◆ **Data below**
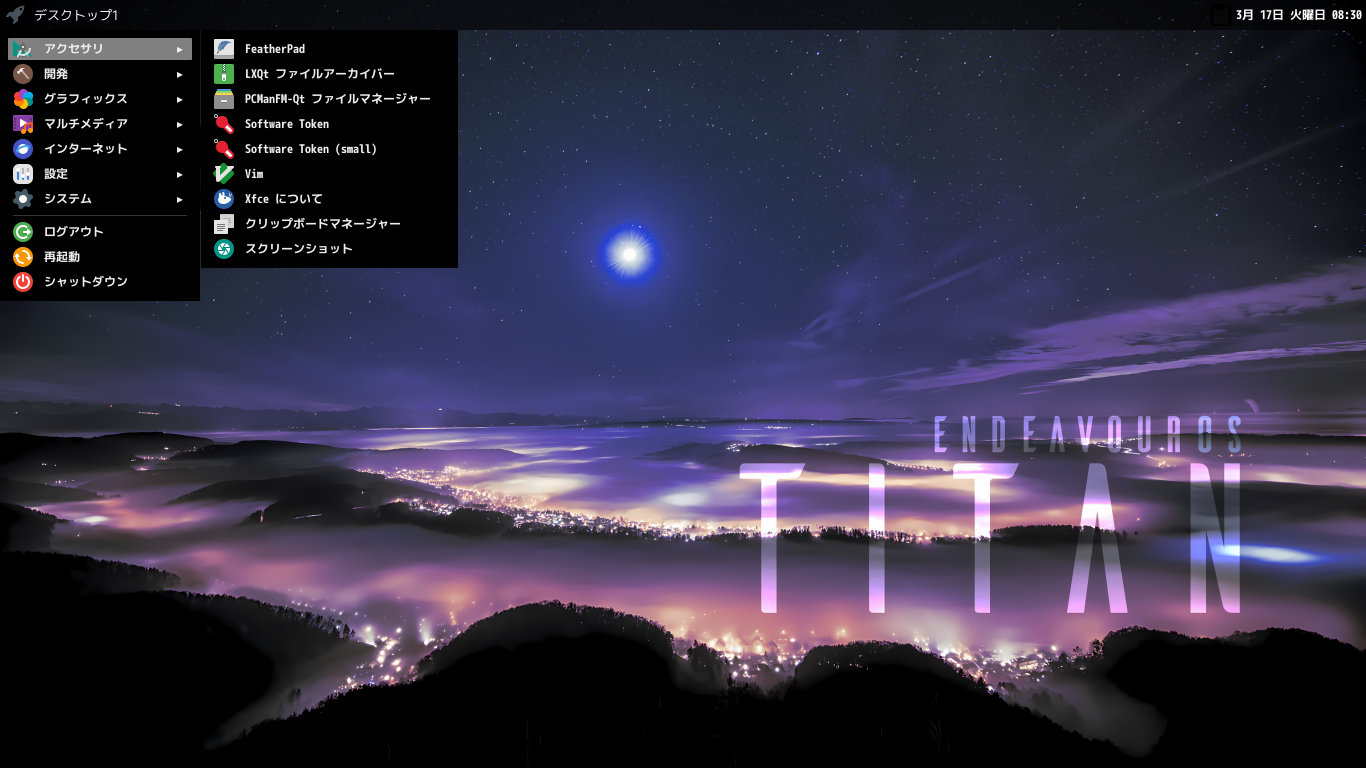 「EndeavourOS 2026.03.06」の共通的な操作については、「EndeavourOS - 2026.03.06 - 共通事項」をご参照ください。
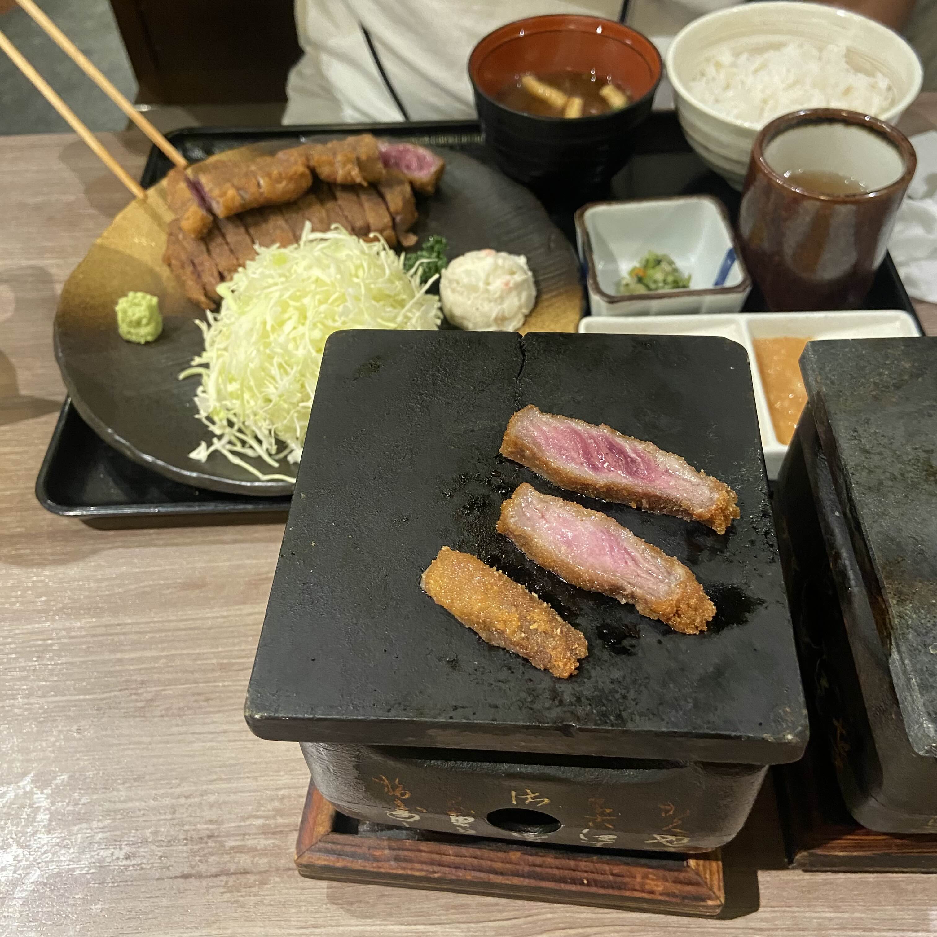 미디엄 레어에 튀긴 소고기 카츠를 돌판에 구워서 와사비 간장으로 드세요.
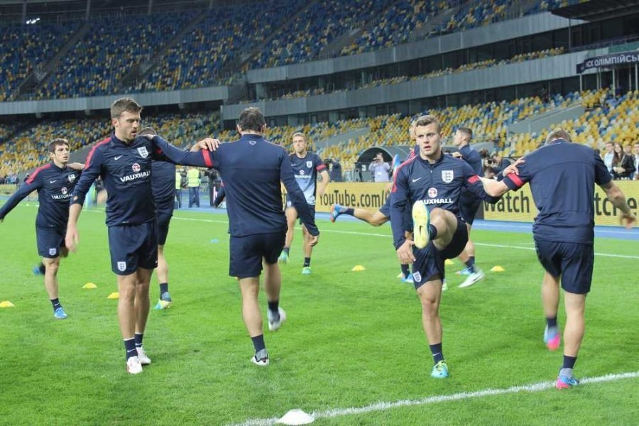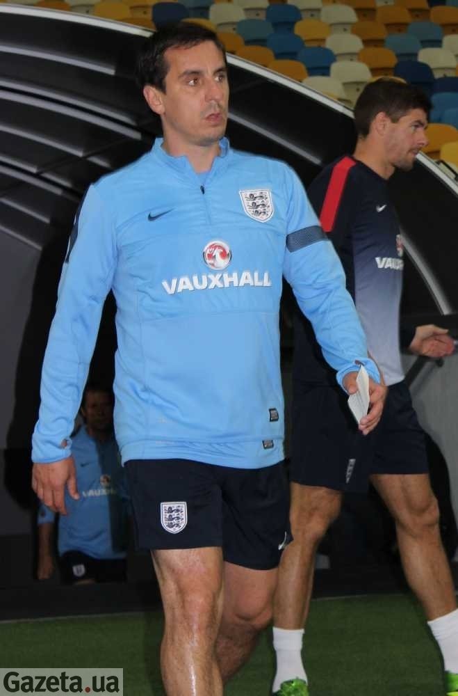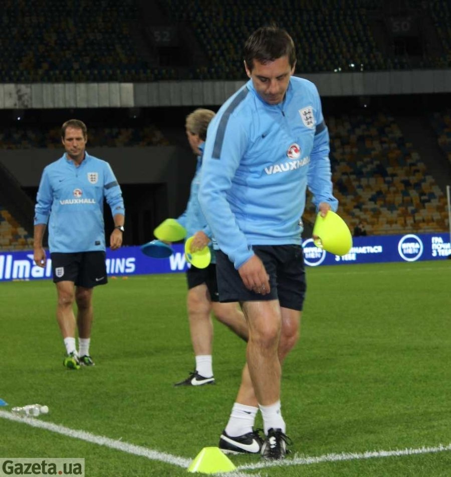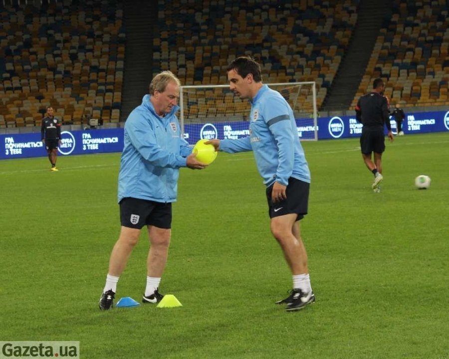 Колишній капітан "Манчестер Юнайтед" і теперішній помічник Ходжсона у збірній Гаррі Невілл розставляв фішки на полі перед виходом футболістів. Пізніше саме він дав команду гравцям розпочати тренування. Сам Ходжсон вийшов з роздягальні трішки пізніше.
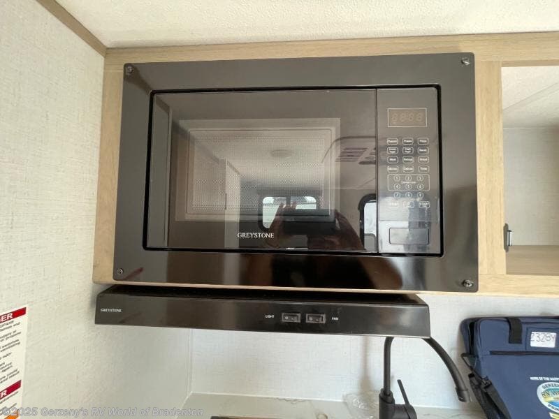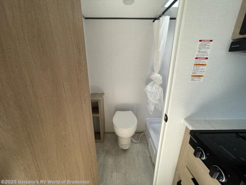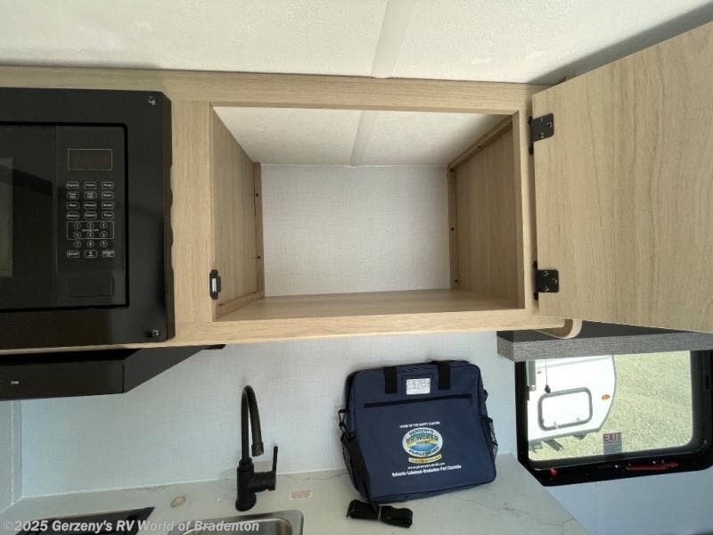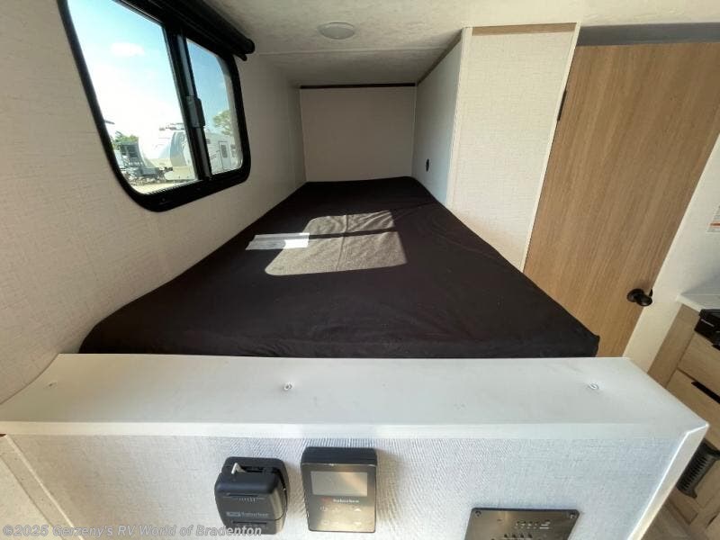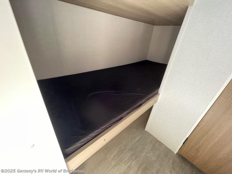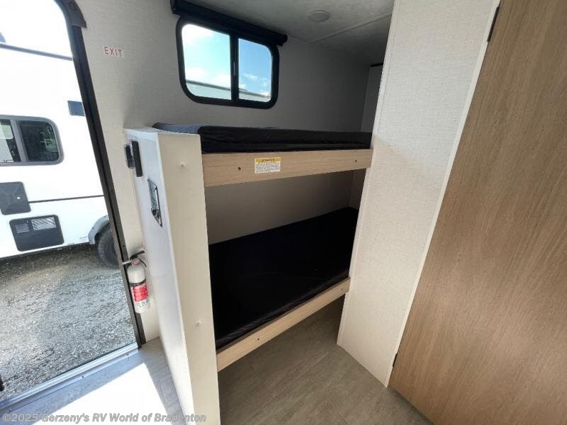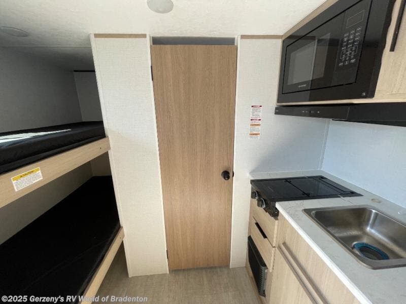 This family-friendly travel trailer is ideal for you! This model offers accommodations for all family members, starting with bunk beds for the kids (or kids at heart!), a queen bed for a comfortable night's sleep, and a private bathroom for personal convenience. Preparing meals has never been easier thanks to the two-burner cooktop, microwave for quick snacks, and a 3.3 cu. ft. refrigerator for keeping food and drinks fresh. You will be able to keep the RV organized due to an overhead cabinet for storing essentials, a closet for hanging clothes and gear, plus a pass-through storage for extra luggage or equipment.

◆ **Problem statement**
Exactly the lines from the top of the listing through the line with "роздягальні трішки пізніше.", and no pictures, should be printed.

◆ **Response area**
 「EndeavourOS 2026.03.06」の共通的な操作については、「EndeavourOS - 2026.03.06 - 共通事項」をご参照ください。
 미디엄 레어에 튀긴 소고기 카츠를 돌판에 구워서 와사비 간장으로 드세요.
 Колишній капітан "Манчестер Юнайтед" і теперішній помічник Ходжсона у збірній Гаррі Невілл розставляв фішки на полі перед виходом футболістів. Пізніше саме він дав команду гравцям розпочати тренування. Сам Ходжсон вийшов з роздягальні трішки пізніше.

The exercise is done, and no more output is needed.